Deleting by doc id is something of an expert feature. I'm not clear on what
the specific use case is and there may be workarounds, but I can certainly
imagine how it would come up from time to time. I doubt that the underlying
implementation is likely to need changing any time soon, so I don't think this
addition limits our flexibility much.
Indexer is a high-profile public class and we would like to keep its API
small, so another approach would be to expose the DeletionsWriter
subcomponent. However, IMO document deletion is central enough to Indexer's
purpose to justify top-level convenience methods.
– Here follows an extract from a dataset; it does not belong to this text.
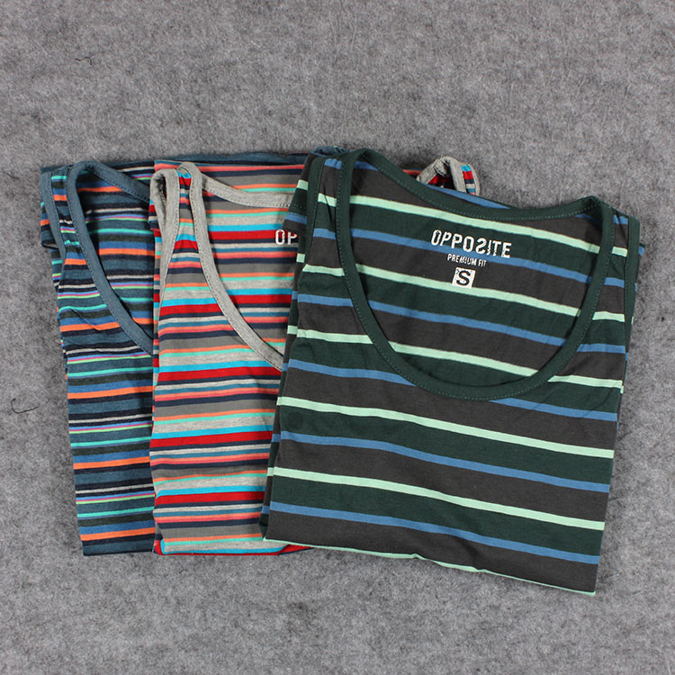 / 夏季時尚多色條紋男士背心 柔軟80%棉 百搭圓領運動休閑跑步背心

+1 from me for adding delete_by_doc_id() to Indexer.
Marvin Humphrey
---------- Forwarded message ----------
From: Dag Lem <[email protected]>
Date: Wed, Jan 16, 2013 at 7:14 AM
Subject: [lucy-user] Add delete_by_doc_id to Lucy::Index::Indexer
To: [email protected]
Hi,
While attempting to modify an index I found that I missed a function
to delete a document by it's ID through Lucy::Index::Indexer (only
delete_by_term and delete_by_query are available).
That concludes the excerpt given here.